Adverse event reporting: The systematic reporting of negative health effects associated with drug use. Healthcare providers and manufacturers are required to report serious adverse events to the FDA via the MedWatch system.
BLA (biologics license application): The regulatory pathway for approval of biological products (including some peptides and proteins) by the FDA. Similar to an NDA but specifically for biologics derived from living organisms.
Clinical trial phases: The staged process of testing a new drug in humans: Phase 1 (safety), Phase 2 (efficacy), Phase 3 (large-scale confirmation), and Phase 4 (post-marketing surveillance). Each phase has specific objectives and requirements.
Compounded medication: A custom-prepared drug made by a compounding pharmacy to meet an individual patient’s needs. Compounded peptides (like compounded semaglutide) exist in a regulatory gray area that the FDA has increasingly scrutinized.
Controlled substance: A drug regulated by the government due to abuse potential. Human growth hormone is a controlled substance (Schedule III); most peptides are not scheduled but may be regulated as research chemicals or unapproved drugs.
DSHEA: The Dietary Supplement Health and Education Act of 1994. Defines the regulatory framework for dietary supplements in the U.S. Peptides generally do not qualify as dietary supplements under DSHEA.
FDA approved: A designation indicating the U.S. Food and Drug Administration has determined a drug is safe and effective for its labeled indication based on clinical trial evidence. FDA-approved peptides include semaglutide, tirzepatide, liraglutide, and PT-141.
GLP compliance: Good Laboratory Practice, a quality system for non-clinical laboratory studies. GLP-compliant studies follow standardized procedures for planning, performing, monitoring, and reporting, ensuring data integrity for regulatory submissions.
ICH guidelines: International Council for Harmonisation guidelines that unify pharmaceutical regulatory requirements across the US, EU, and Japan. Cover drug quality, safety, efficacy, and multidisciplinary topics.
IND (investigational new drug): An application submitted to the FDA before human clinical trials can begin. The IND includes preclinical data, manufacturing information, and the proposed clinical trial protocol.
Informed consent: The process by which a patient voluntarily agrees to medical treatment or participation in a clinical trial after being fully informed of the risks, benefits, and alternatives.

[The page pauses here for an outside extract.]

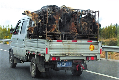 北京游客李女士介绍,她和4个朋友9月下旬驾驶两辆车前往西部几省旅行。9月30日,他们沿京藏高速公路返京,行至内蒙古磴口县路段时,发现前方有一辆宁夏银川牌照的小货车。小货车车厢里,数十只狗紧紧地挤在笼内,由于笼子并没有分层,这些狗上下踩在一起,有的狗已奄奄一息。李女士和朋友平时就关爱动物,他们猜测这些狗是被捉来的流浪狗,要被送到某地屠宰卖肉。李女士等人决定跟踪小货车,对这些狗进行保护。

IRB (institutional review board): An independent ethics committee that reviews and approves research involving human subjects. IRB approval is required before any clinical trial can begin, ensuring participant safety and ethical conduct.
NDA (new drug application): The formal application to the FDA requesting approval to market a new drug. Contains all clinical trial data, manufacturing details, and proposed labeling. Review takes 6–12 months.

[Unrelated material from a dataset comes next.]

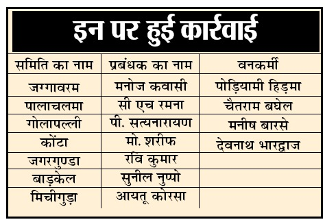 एसीबी के अतिरिक्त पुलिस अधीक्षक विगत तीन दिनों से सुकमा में डेरा जमाये हुए थे। इस मामले में संलिप्त सभी प्रबध्ंाकों को तलब किया गया था। इन प्रबंधक एव वन कर्मियों के खिलाफ अपराध क्रमांक 26/2025, धारा 409,120 बी के तहत 8 अपै्रल 2025 को अपराध दर्ज किय गया था। मामले की जांच रिपोर्ट के आधार पर 7 समिति प्रबंधक 4 वनकर्मियों को गिरफ्तार कर जेल भेज दिया गया है।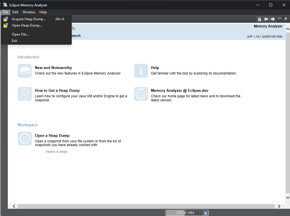 Once we open MAT, we'll need to click "Files", then "Open Heap Dump"

Off-label use: The use of an FDA-approved drug for a purpose, population, or dose not specified in its approved labeling. Physicians may legally prescribe off-label. Many peptide uses in clinics are off-label.

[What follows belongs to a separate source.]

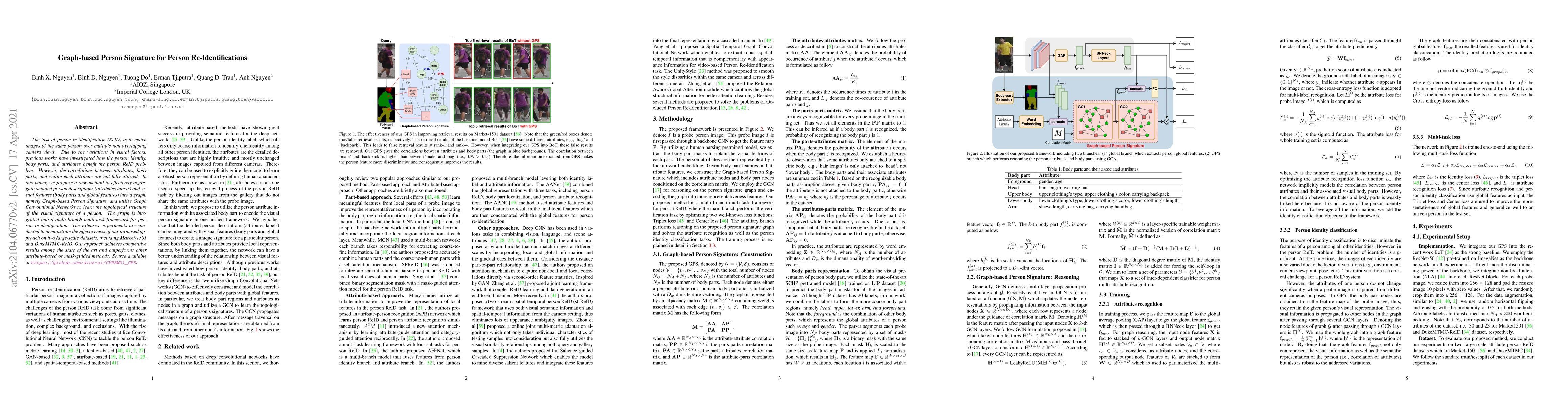 A new method proposes a graph-based person signature for person re-identification, combining attributes, body parts, and visual features to achieve competitive results on large-scale datasets.

Pharmacovigilance: The science and activities relating to detection, assessment, understanding, and prevention of adverse drug effects. Required for all FDA-approved drugs, including post-marketing surveillance (Phase 4).
Research chemical: A substance sold for in vitro research and not intended for human consumption. Many peptides are sold under this designation, which limits regulatory oversight but also means no clinical safety data for human use.
Schedule III: A DEA classification for drugs with moderate potential for abuse and accepted medical use. Growth hormone is Schedule III, making unauthorized distribution a federal offense.
WADA prohibited list: The World Anti-Doping Agency’s list of substances and methods banned in competitive sports. Many peptides including GH secretagogues, GLP-1 agonists, and EPO-mimetics are on the prohibited list.

This glossary is regularly updated as new peptide research is published.